For those thinking that the real-estate bust is all over with — think again. The residential market has hit the ditch and continues to sink lower, but now the commercial property market is rolling over and will take many lenders down the drain with it. America’s small and regional bankers are pointing their fingers at the big banks, claiming the big money center banks “have tarred and feathered us,” City National Bank chief executive Bill McQuillan told the Wall Street Journal during the Independent Community Bankers of America convention in Phoenix. But banks — large and small — all over the country are loaded with commercial real-estate loans, and that collateral is heading south according to a Deutsche Bank report.
The folks at Deutsche Bank see price declines of 35 to 45 percent and maybe more in commercial property, due to the large number of loans coming due between now and 2012 that will not be able to be refinanced. Not only are loan delinquency rates up and rents down, but the go-go years of aggressive loan underwriting are gone. The interest-only, high low-to-value loans that drove capitalization (cap) rates to the five-percent range are history. Property buyers who are required to put more money down will offer significantly less for the same net operating income to achieve the required return on investment. Thus, cap rates for properties in Las Vegas, for instance, are closing in on 9 percent according to a local appraiser and may be on their way to 10 percent.
But bankers are in a state of denial, according to real-estate pro Andy Miller, who spoke at Doug Casey’s Crisis & Investment Summit in Las Vegas recently. Miller’s been in the business for 30 years and hasn’t seen a property financing market this tight. But the current note holders are saying “don’t worry, be happy.” Miller told the capacity Casey crowd that bankers show him the door when he rains on their parade.
Despite being inexperienced and clueless, at least bank workout officers understand what’s going on, according to Miller, however the rose-colored-glasses-wearing bank senior managements are counting on real-estate values to turn around by year’s end. It’s the same sort of denial Miller saw during the S&L debacle. Eventually there was capitulation, but it took years. A Vegas appraiser who lived through the 1980s Texas property meltdown echoes Miller’s view, remembering that it took property owners in Texas back then years before they figured out that their property values weren’t coming back any time soon.

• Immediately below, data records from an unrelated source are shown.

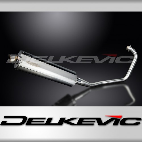 Tags: honda, cbf125, 2008-2015, full, exhaust, system, 450mm, stainless, oval, bsau, silencer, COM060J
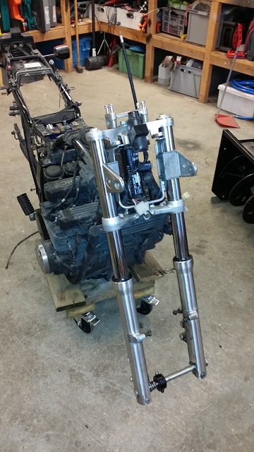 and the Zephyr 750 -93 (41mm) front end fits like a charm using the original GPz 750 bearings.
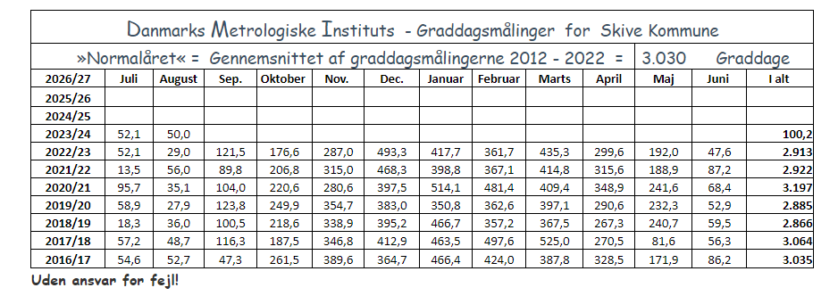 Graddage er udtryk for periodens behov for rumopvarmning. Graddagsopgørelsen omfatter alle dage med en udendørs døgnmiddeltemperatur ≤ 17 °C.

The conventional wisdom is that people losing their homes will rent an apartment so apartments are a safe place for real-estate investment dollars. Miller’s view is just the opposite, thousands of empty houses compete with apartments and a gigantic multifamily implosion is coming. The numbers in Deutsche Bank’s report confirm that the apartment implosion is already underway. The total current delinquency rate for apartment loans is 3.53 percent, much higher than the last peak in delinquency of 2.35 percent back in October of 2005. And the past-due rate on new apartment loans are especially bad at over 5 percent. Tennessee, Georgia, and Florida top the multifamily most-delinquent list.
But no area of commercial property will be spared the bloodbath. Hotels are imploding according to Miller and cap rates for retail properties have jumped 250–300 basis points in a year, while office cap rates have increased 200 basis points. These cap-rate increases translate to property value decreases of a quarter to a third, and the market is just starting to deteriorate. This property meltdown will “make the 1980s look like a picnic,” Miller says.
There will be tens of billions of dollars in losses in the Las Vegas condo market, Miller told the Casey faithful while pointing at the nearby Las Vegas Strip. But Sin City won’t be alone. The United States had 14 months’ worth of condo inventory at the end of last year and the 93,000 units scheduled to be finished this year will increase inventory 28 percent. A good share of those units — 12,000 — will come online in job-bleeding New York and northern New Jersey, reports the Wall Street Journal, while the Windy City will have an additional 5,500 units for sale and Miami will add nearly 3,500.
The condo crash is making life miserable for Donald Trump, who has projects in many of the once-hot-and-now-not markets. He’s fighting with his lenders in Chicago, has only closed sales on a quarter of his finished units in Las Vegas, and buyers in two projects in Miami bearing the Trump name aren’t showing up to close escrow.
But, The Donald is keeping the sunny side up. As for his Vegas tower, “We are doing very nicely considering that Las Vegas is in a massive depression,” Trump told the Wall Street Journal.
The Housing Bubble was hardly the first in human history.On the housing front, there was a nearly 10-month supply of unsold homes on the market at the end of February while the Case-Shiller home-price index plummeted a record 19 percent in January, causing David Blitzer of S&P’s index committee to say, “There’s no daylight that I can see in this report.”
But national homebuilder Pulte Homes must see daylight in their crystal ball. The company announced it will buy competing builder Centex.
“We believe this is the right combination at the right time in the business cycle,” Centex Chairman and Chief Executive Officer Timothy Eller, said in a statement. “By acting decisively now, we’re creating unrivaled firepower to capitalize on the opportunities in home building that are now becoming visible on the horizon.”
Lenders aren’t the only ones in denial.